Researchers have published a study in the journal Psychiatric Quarterly wherein they have shown that it is possible for artificial intelligence to predict which students are at higher risk of perpetrating school violence.
The researchers found that machine learning is as accurate as a team of child and adolescent psychiatrists, including a forensic psychiatrist, in determining risk for school violence. Scientists are quick to point out that while they were able to predict school violence using AI, they haven’t gathered outcome data to assess whether machine learning could actually help prevent school violence. This is something they will be doing next.
Researchers evaluated 103 teenage students in 74 traditional schools throughout the United States who had a major or minor behavioral change or aggression toward themselves or others. The students were recruited from psychiatry outpatient clinics, inpatient units and emergency departments.
The team performed school risk evaluations with participants.

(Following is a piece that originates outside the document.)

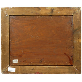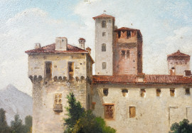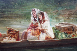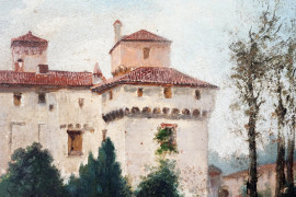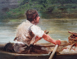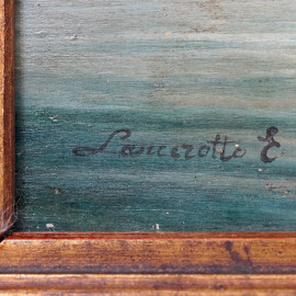 Paesaggio lacustre con villa e barca con figure, olio su tavola, firmato in basso a sinistra, cm 40x50, entro cornice.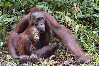 However, when orangutans are forced to live closely together they don’t interact as much because they are stressed.  Consequently, learning is not shared so widely.  This means they are less able to adapt to change and cope in times of difficulty.  For example finding ‘fallback’ food; this is food that isn’t so good but is okay when the usual food plants cannot be found.  This is happening now as a result of deforestation (cutting down natural forests to plant crops for humans).  According to the IUCN, all of the great apes (except humans) are either Endangered or Critically Endangered.

Audio recordings from the evaluations were transcribed and manually annotated. The students, as it turned out, were relatively equally divided between moderate- to high-risk, and low-risk, according to two scales that the team developed and validated in previous research.
There were significant differences in total scores between the high-risk and low-risk groups. The machine learning algorithm that the researchers developed achieved an accuracy rate of 91.02 percent, considered excellent, when using interview content to predict risk of school violence. The rate increased to 91.45 percent when demographic and socioeconomic data were added.
Scientists point out that the machine learning algorithm was almost as accurate in assessing risk levels as a full assessment by the research team, including gathering information from parents and the school, a review of records when available, and scoring on the two scales that were developed by the team.